System. Security. cryptography is organized as follows:
1. Private Key Encryption
Private Key Encryption is also called symmetric encryption because the same key is used for both encryption and decryption. The private key encryption algorithm is very fast (compared with the public key algorithm), especially suitable for performing encryption and conversion on large data streams.

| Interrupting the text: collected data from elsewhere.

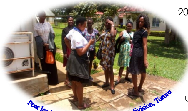
Peer leaders after coaching in western division, Tororo

20 peer support group leaders were supervised, mentored and coached. The mentorship was on linkage, follow-up, sensitization and mobilization for HTS and other HIV utilization. This equipped the peer educators with knowledge and skills of supporting in project implementation
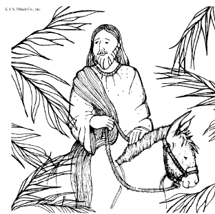
Blessed is he who comes in the name of the Lord.
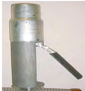
Automatic shutoff device (flapper valve)
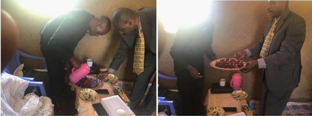
Preparing the holy communion.
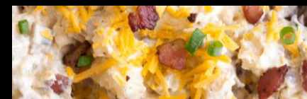
Twice- Baked Potato Salad
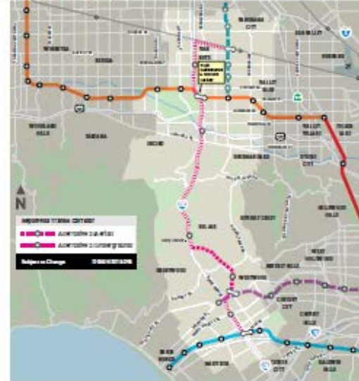
Alternative 3 (Monorail)
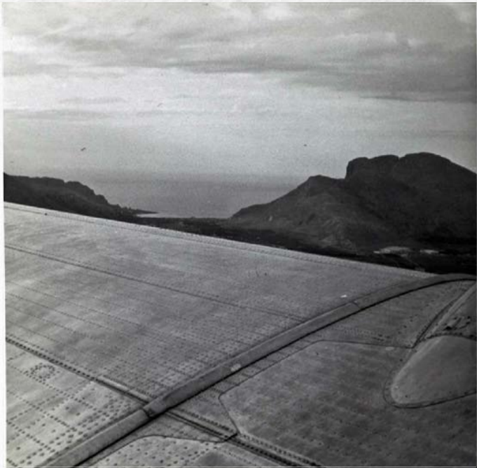
Flying over the Island of Sardinia
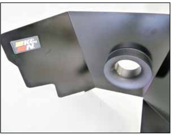
10. Install the filter adapters and K&N badges onto the heat shields using the provided hardware.
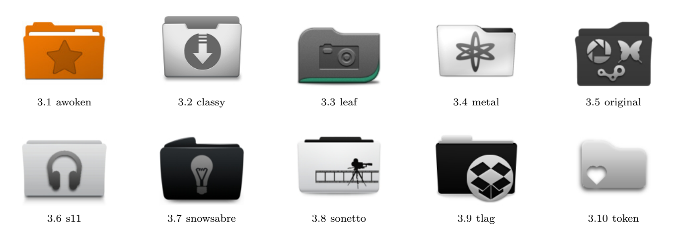
Figure 3: Macro-types of folder options

There are a lot of different folder types included in the iconset. Below, you can see 10 macro-types of folder options; note that images below are only examples: for each type there is a choice of 34 different icons wich you can use to customize some folders [for example folders in the home directory] and get a better look and feel. To get an idea, just go to the clear/128x128/places directory, and see them! From 1.6 version, you can see folder icons directly in the customization script, so you have not to go manually in the previous directory. Note that from 2.4 version the folder structure (ie types and subtypes) experienced a drastic redesign, to improve either the script and the iconset both from the point of view of the order and of the consistency.
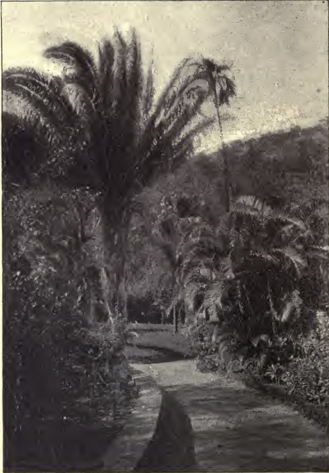
PALMS IN CASTLETON GARDENS.

But all of these are exceedingly practical creatures, and owing no doubt to the lack of brilliant-hued winged insect life which skims across the surface of the
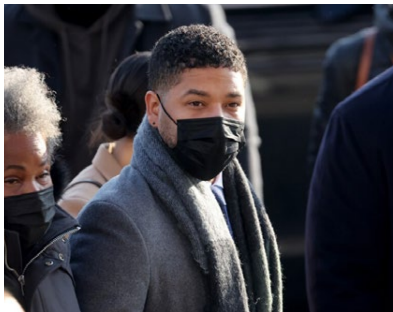
Actor Jussie Smollett, seen arriving Wednesday at the Leighton Criminal Court Building in Chicago.

Washington Post - Jussie Smollett was on Thursday found guilty of staging and falsely reporting to police that he had been the victim of a hate crime in Chicago three years ago.
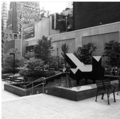
▲ Fountains demand extra attention to waterproofing detail, especially when over occupied space.
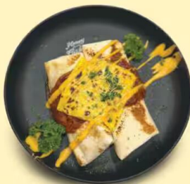
Enchiladas Beef ₹ 320/-
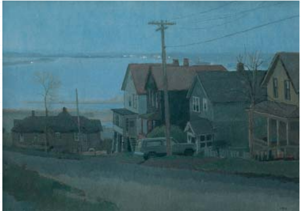
Harbor Lights 1983 oil on panel 16 x 22 inches
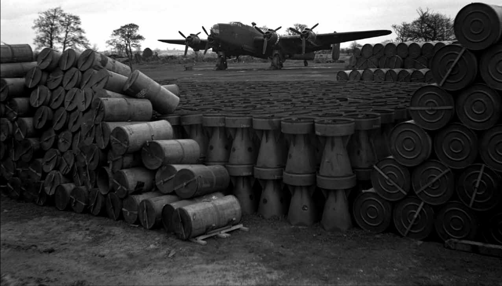
A Canadian Halifax awaits its next mission. In the foreground sits the cache of deadly bombs.

began to seriously erode Germany's capacity to re-arm itself at least as early as Operation Pointblank in February 1944 – a date that was certainly not "late in the war."
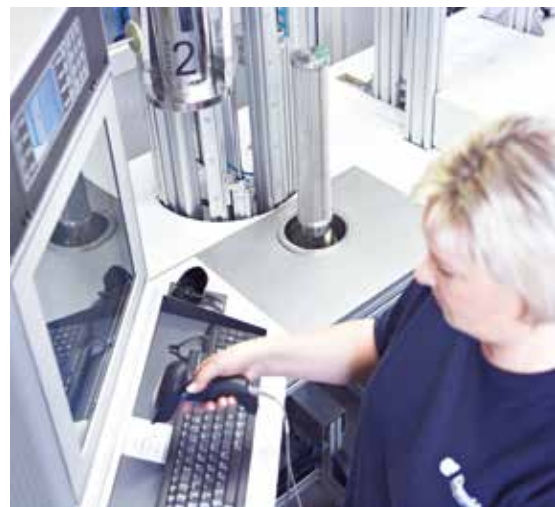
Donaldson offers a wide Range of Services

To enhance and complement our field services, highly sophisticated in-house laboratory services with highly sophisticated laboratory services are provided to validate oil aerosols, oil mist, particle size or concentrations.
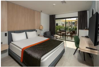
Deluxe Swim Up Family Room 63 m 2

In the area where the Deluxe Swim Up rooms are located, there is a separate 160 m 2 shared pool in addition to the main pool. On the shared pool terrace, each room has two sun loungers, one umbrella, two chairs, and one table.
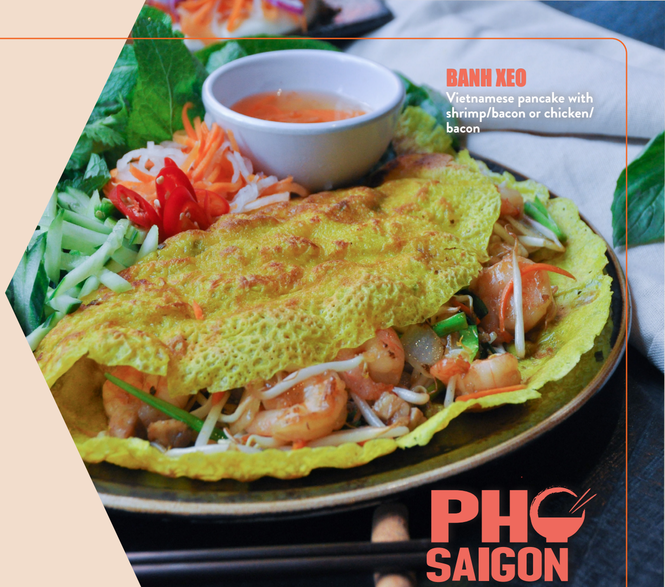
BANH XEO Vietnamese pancake with shrimp/bacon or chicken/bacon

. NET Framework provides the following classes for implementing the private key encryption algorithm:
- Des: Descryptoserviceprovider
- RC2: Rc2cryptoserviceprovider
- Rijndael (AES): Rijndaelmanaged
- 3DES: Tripledescryptoserviceprovider
2. public key encryption and digital signature
Public key encryption uses a private key that must be kept confidential to unauthorized users and a public key that can be made public to anyone.Data Encrypted with the public key can only be decrypted with the private key, while data signed with the private key can only be verified with the public key.. The public key can be used by anyone. The key is used to encrypt the data to be sent to the Private Key Holder. The two keys are unique for communication sessions. Public key encryption algorithms are also called asymmetric algorithms because one key is used to encrypt data and another key is used to decrypt data.
. NET Framework provides the following classes to implement public key encryption algorithms:
- DSA: Dsacryptoserviceprovider
- RSA: Rsacryptoserviceprovider
3. Hash Value
The hash algorithm maps binary values of any length to smaller binary values of a fixed length. This smaller binary value is called a hash value. A hash value is a unique and extremely compact numeric representation of a piece of data. If a piece of plain text is hashed and only one letter of the paragraph is modified, the subsequent hash will generate different values. It is impossible to calculate two different inputs with the same hash value. Therefore, the hash value of the data can be used to check the integrity of the data.
. NET Framework provides the following classes for implementing digital signature algorithms:
- HMAC:Hmacsha1 (HMAC is a hash algorithm using keys)
- Mac:Mactripledes
- MD5:Md5cryptoserviceprovider
- Sha1: Sha1managed, sha256managed, sha384managed, and sha512managed
4. Random Number Generation
Encryption keys must be as random as possible to make the generated keys difficult to reproduce. Therefore, random number generation is an integral part of many encryption operations.
In. in the. NET Framework, rngcryptoserviceprovider is the implementation of the random number generator algorithm. For data algorithms ,. NET framework is implemented in other namespaces, such as the convert class to implement Base 64 encoding, system. text to convert the encoding method.
From the above ,.. NET Framework supports data encryption and encoding, which greatly facilitates developers ,. the data encryption algorithms in the. NET Framework are still incomplete, such as idea, blowfish, and other algorithms, such as ElGamal, deffie-Hellman, and ECC. They do not support other data verification algorithms, for example, CRC and SFV, developers can only transplant early code or find third-party vendor implementations.
BTW: looking at so many data encryption algorithms, isn't it a little dizzy? After looking at this picture, you must feel some pressure.